In this case, fixing the primary Cell I.1.1 also allowed the seeding and subsequent Journal feeding from Cell I.1.1 to Cell I.0.1 to succeed… and thus, the Cell I.0.1 then also successfully transitioned from Degraded to Active.

Running the report again, we now see:

Host        State    Name            CellName Partition ----        -----    ----            -------- ---------
   Primary Generation ActiveDocs Merging CheckpointSize
   ------- ---------- ---------- ------- --------------

INDEX-SRV-A Active   IndexComponent3 [I.0.0]          0       True     473563    8563928   False  172976.3 (MB)
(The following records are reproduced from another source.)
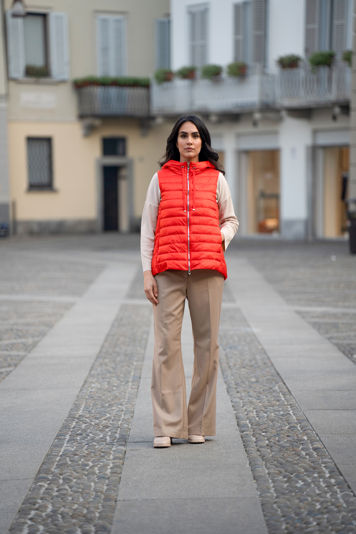 gilet 100gr con front trapuntato e cappuccio/back lisci
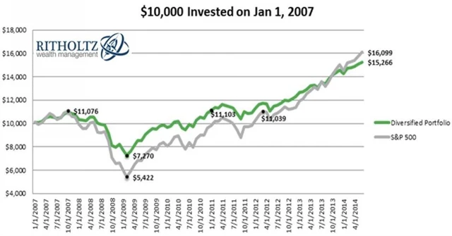 Během poslední finanční krize diverzifikované portfolio (30 % S&P 500, 30 % neamerické akcie a 40 % pevně úročené cenné papíry - Barclays Aggregate Bond Index) ztratilo méně než široký americký akciový index a dříve (o 14 měsíců) se vrátilo na předkrizovou úroveň. To vše za nižší celkové volatility.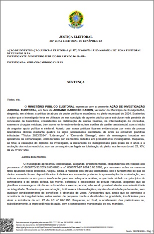 O advogado Jota Batista acaba de conquistar uma decisão histórica na Justiça Eleitoral de Eunápolis. O vereador Adriano Cardoso foi absolvido de todas as acusações em uma Ação de Investigação Judicial Eleitoral (AIJE) movida pelo Ministério Público do Estado da Bahia, que o acusava de suposto abuso de poder político e econômico nas eleições municipais de 2024.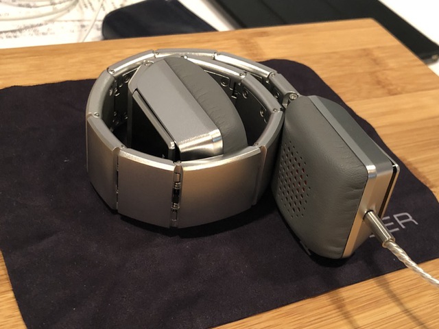 高級腕時計の金属バンドを思わせる構造でヘッドバンドからイヤーカップまでを美しく一体化。その構造の秀逸さだけではなく、スイスでのハンドメイド生産とのことで実物の製造クオリティも素晴らしい。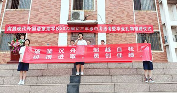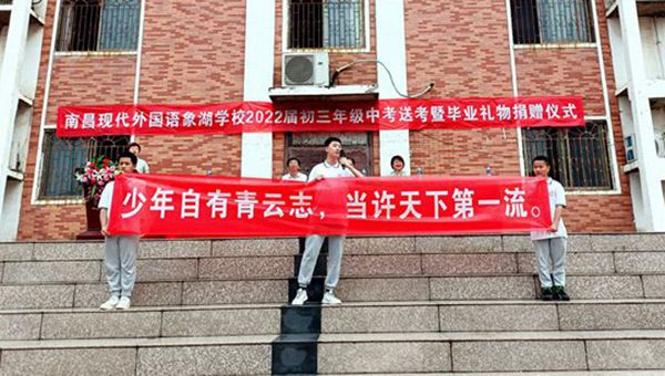 為踐青衿之志,6月16日上8時18分,南昌現(xiàn)代外國語象湖學校舉行2022屆初三年級中考送考暨畢業(yè)捐贈儀式,此次儀式由初三年級組長王蓓老師主持。

INDEX-SRV-B Active   IndexComponent5 [I.1.0]          0      False     473563    8563928   False  172185.2 (MB)

INDEX-SRV-C Active   IndexComponent2 [I.0.1]          1      False     473563    8562280   False  173332.2 (MB)

INDEX-SRV-D Active   IndexComponent4 [I.1.1]          1       True     473563    8562280   False  172579.6 (MB)
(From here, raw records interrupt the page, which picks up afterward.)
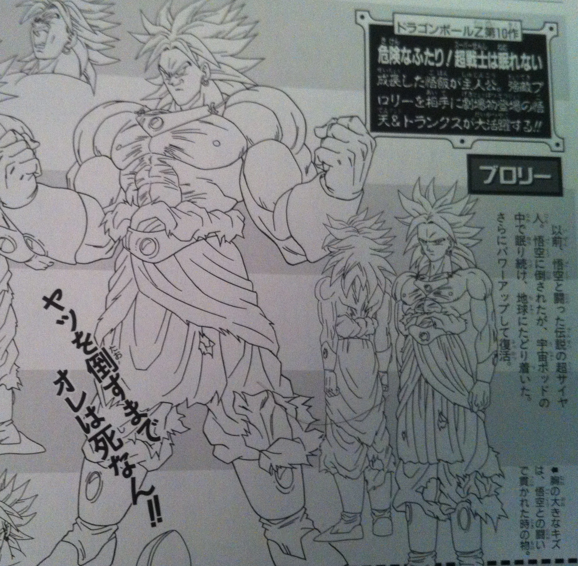 Lors du combat qui s'ensuit, Son Gokû, Vegeta, Trunks du Futur, Son Gohan et Piccolo sont écrasés par Broly, qui semble indestructible.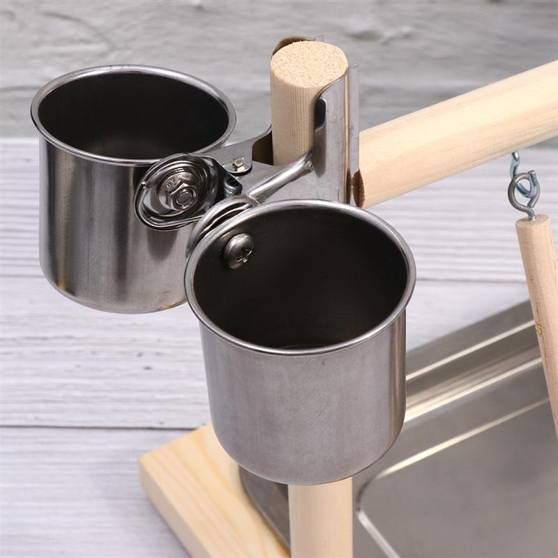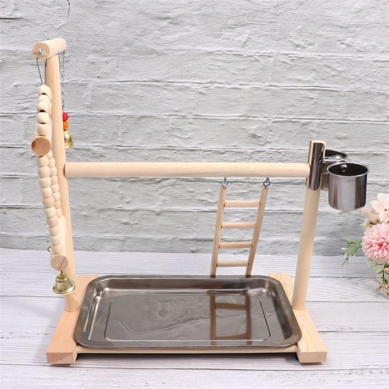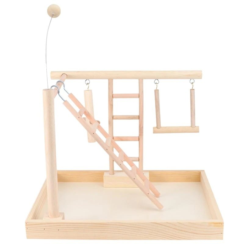 Palo di legno con giocattoli per uccelli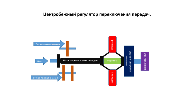 Конструкция с применением центробежного регулятора может применятся как механическое переключение так и гидропневматическое переключение передач.
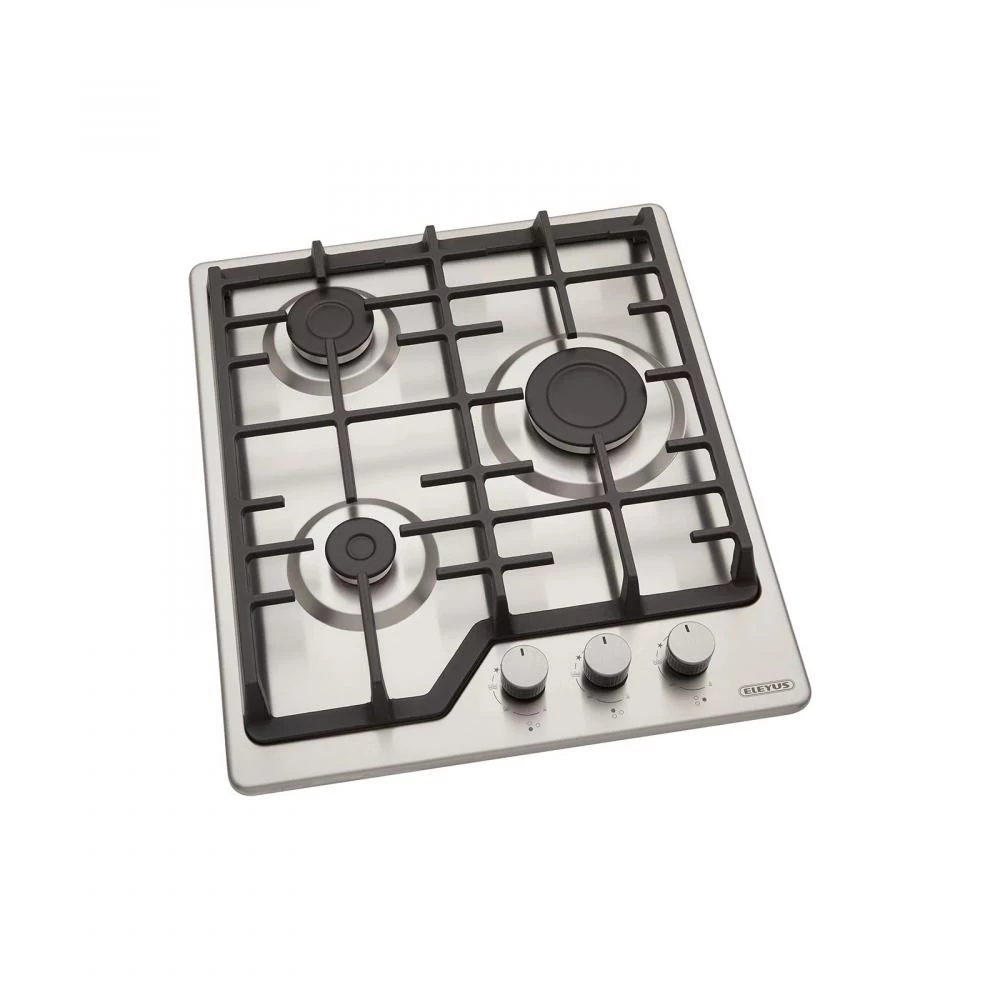 Бренд: Eleyus; Ширина, см: 44; Глибина, див: 51; Управління: механічне; Колір: нержавіюча сталь; Конструкція: незалежна; Кількість газових конфорок: 3; Специфічні конфорки: 1 економічна конфорка; Розмір конфорок, мм: 55; 75; 100; Потужність конфорок, кВт: 1; 1,7; 2,6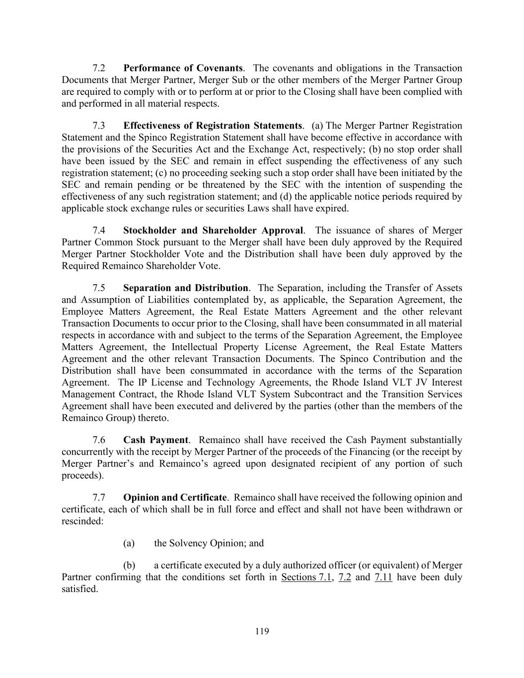 119 7.2 Performance of Covenants. The covenants and obligations in the Transaction Documents that Merger Partner, Merger Sub or the other members of the Merger Partner Group are required to comply with or to perform at or prior to the Closing shall have been complied with and performed in all material respects. 7.3 Effectiveness of Registration Statements. (a) The Merger Partner Registration Statement and the Spinco Registration Statement shall have become effective in accordance with the provisions of the Securities Act and the Exchange Act, respectively; (b) no stop order shall have been issued by the SEC and remain in effect suspending the effectiveness of any such registration statement; (c) no proceeding seeking such a stop order shall have been initiated by the SEC and remain pending or be threatened by the SEC with the intention of suspending the effectiveness of any such registration statement; and (d) the applicable notice periods required by applicable stock exchange rules or securities Laws shall have expired. 7.4 Stockholder and Shareholder Approval. The issuance of shares of Merger Partner Common Stock pursuant to the Merger shall have been duly approved by the Required Merger Partner Stockholder Vote and the Distribution shall have been duly approved by the Required Remainco Shareholder Vote. 7.5 Separation and Distribution. The Separation, including the Transfer of Assets and Assumption of Liabilities contemplated by, as applicable, the Separation Agreement, the Employee Matters Agreement, the Real Estate Matters Agreement and the other relevant Transaction Documents to occur prior to the Closing, shall have been consummated in all material respects in accordance with and subject to the terms of the Separation Agreement, the Employee Matters Agreement, the Intellectual Property License Agreement, the Real Estate Matters Agreement and the other relevant Transaction Documents. The Spinco Contribution and the Distribution shall have been consummated in accordance with the terms of the Separation Agreement. The IP License and Technology Agreements, the Rhode Island VLT JV Interest Management Contract, the Rhode Island VLT System Subcontract and the Transition Services Agreement shall have been executed and delivered by the parties (other than the members of the Remainco Group) thereto. 7.6 Cash Payment. Remainco shall have received the Cash Payment substantially concurrently with the receipt by Merger Partner of the proceeds of the Financing (or the receipt by Merger Partner’s and Remainco’s agreed upon designated recipient of any portion of such proceeds). 7.7 Opinion and Certificate. Remainco shall have received the following opinion and certificate, each of which shall be in full force and effect and shall not have been withdrawn or rescinded: (a) the Solvency Opinion; and (b) a certificate executed by a duly authorized officer (or equivalent) of Merger Partner confirming that the conditions set forth in Sections 7.1, 7.2 and 7.11 have been duly satisfied.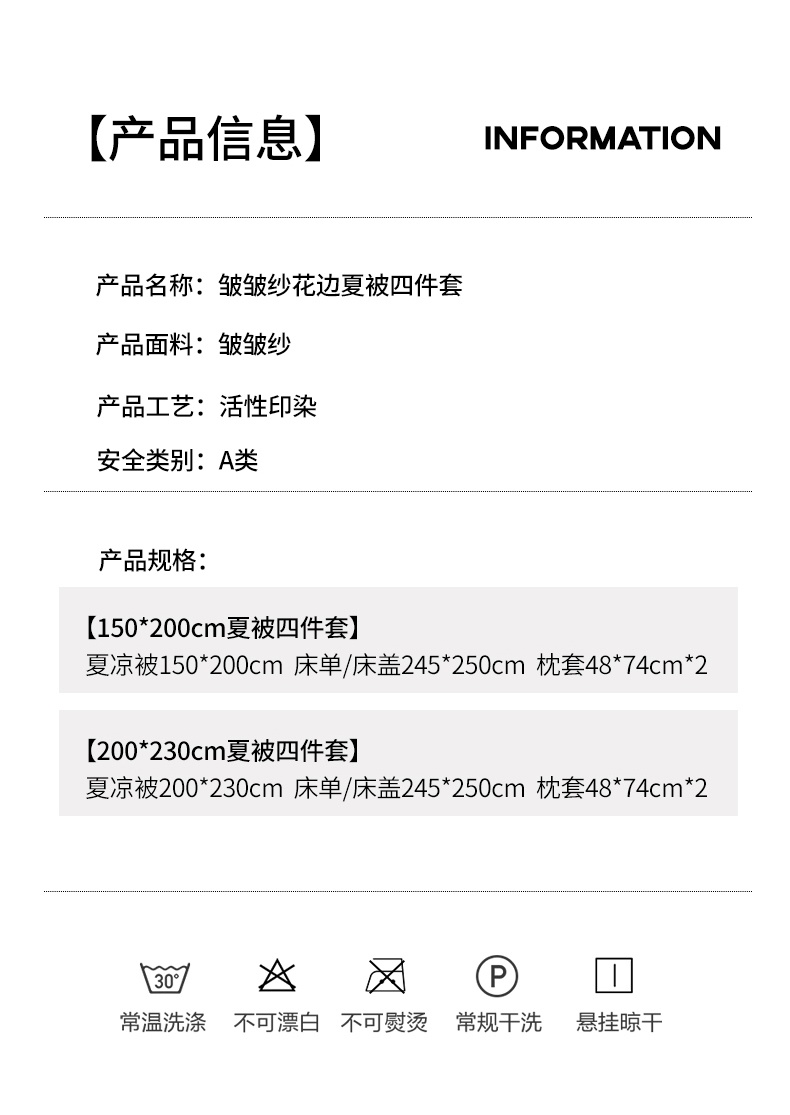 150*200cm夏被床盖款四件套 | ¥89.00 |

Extending the Get-SPIndexReports script

On more than one occasion, I have need to separately run the "get-WmiObject win32_logicaldisk" manually to determine the FreeSpace on a given drive…. So now, that has been incorporated into the report as seen below:

Also, in the original script, thanks to Kris Loranger, we found that the "Size on Disk" value could be skewed for servers with multiple Index paths all sharing the same RootDirectory value. In that case, the size being reported here was actually the sum of all replicas rather than just that single replica. By using the cell specific path (as seen here), this has since been fixed.

---------------

As I add more functionality or find more use cases, I will continue to post about them.

I hope this helps...

Comments

  • Anonymous
    July 08, 2015
    I wanted to thank Dan Pandre for both reviewing this post as well as the guidance/teaching to help me learn these concepts related to the Index internals!

  • Anonymous
    July 08, 2015
    The comment has been removed

  • Anonymous
    July 08, 2015
    This is awesome information.  Thanks for publishing this!

  • Anonymous
    February 23, 2017
    How can the N in Level [N] be controlled and adjusted? Is there a script available ?

    • Anonymous
      February 24, 2017
      The Level [N] is managed and controlled by the Search system... there is no means of controlling/adjusting this.
  • Anonymous
    October 09, 2017
    Brian - Thank you very Much, I helped me alot.